# Linear Expansion of Pex, how do you deal with it?



## avc8130 (Jan 20, 2014)

I helped a buddy replace a run of baseboard in his basement.  It was an interesting loop.  The supply and the return came in through a wall from the boiler room.  The supply was on the bottom and went through the fin tube.  We then looped back and the return ran through the baseboard cover and back out on top of the supply.  No big deal, pretty standard.

My buddy wanted to use a length of Pex for the return as it was 20' and it saved about $40 over the cost of 3/4 copper.  So I cut it to length and installed it.  

We fired up the zone.  The moment the 190F boiler supply hit that Pex it expanded ~3" in length and wouldn't fit in the register cover any more. 

How do people work with this stuff?  How do you account for 3" linear expansion on a straight 20' run?

ac


----------



## BoilerMan (Jan 21, 2014)

Well I'm guessing you already know the answer....

Don't use it within the BB cover, copper is the ONLY think I'll use on a return in the cover.  PEX/AL/PEX doesn't expand as much, but takes special connecting compression fittings which are expansive, so copper wins again. 

Sometimes the $40 you save will cost you more in aggravation.  I may be biased though and must admit my love for copper heating work.

TS


----------



## avc8130 (Jan 21, 2014)

BoilerMan said:


> Well I'm guessing you already know the answer....
> 
> Don't use it within the BB cover, copper is the ONLY think I'll use on a return in the cover.  PEX/AL/PEX doesn't expand as much, but takes special connecting compression fittings which are expansive, so copper wins again.
> 
> ...



Yeah, I know the answer now.  Not happy.  My perfect job turned to pooh.  I'm not sure the exact type of Pex we used.  It was o2 barrier.  We cheated and used a Sharkbite on each end to go from copper to pex in 1 step.

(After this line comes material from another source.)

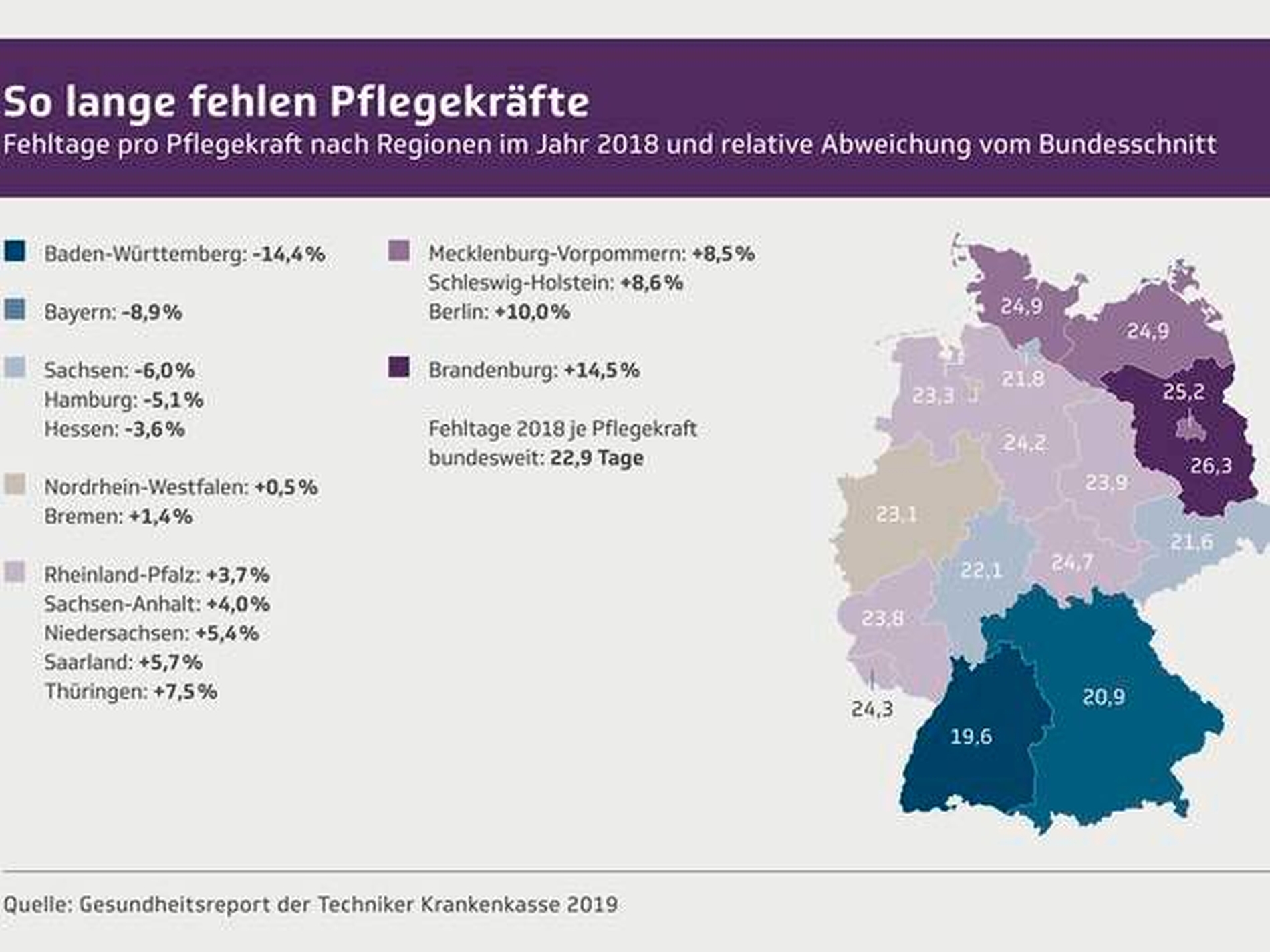 Dem TK-Gesundheitsreport 2019 "Pflegefall Pflegebranche? So geht's Deutschlands Pflegekräften" zufolge fallen Kranken- und Altenpflegekräfte durchschnittlich für rund 23 Tage im Jahr krankheitsbedingt aus. Acht Tage - und über 50 Prozent - mehr als in der Vergleichsgruppe aller Beschäftigten (15 Tage).

I've never been a fan of pex.  I guess there is savings, but every time I look at it, the fittings still cost a fortune and the job always looks terrible when it is done.   This experience just solidified my opinion even more.  

ac


----------



## Vizsla (Jan 22, 2014)

It actually mentions this in the manufacturer install instructions. Making connections with the expansion in mind. It would be enough to compromise a push fit fitting as well.


----------



## avc8130 (Jan 22, 2014)

Vizsla said:


> It actually mentions this in the manufacturer install instructions. Making connections with the expansion in mind. It would be enough to compromise a push fit fitting as well.



Hmm...didn't really get any instructions with the straight single length of tube.  

I'm done with this stuff for anything but underground use.  If it is worth doing once, it's worth doing right.  Copper or black pipe for me.

ac


----------



## Vizsla (Jan 22, 2014)

My apologies if that sounded bad, but I wasn't being sarcastic. Just pointing out that pex actually mentions it because its a concern not found with other materials. It by no means would stop me from using it. As I do everyday. Those modular homes are all pex  for the boiler system, except the fin tube and near boiler piping. Within 12-18".


----------



## BoilerMan (Jan 22, 2014)

Vizsla said:


> Those modular homes are all pex  for the boiler system, except the fin tube and near boiler piping. Within 12-18".


We shouldn't go there........I've done LOTS of work in modular homes, well we'll just leave it at that.  You get what you pay for.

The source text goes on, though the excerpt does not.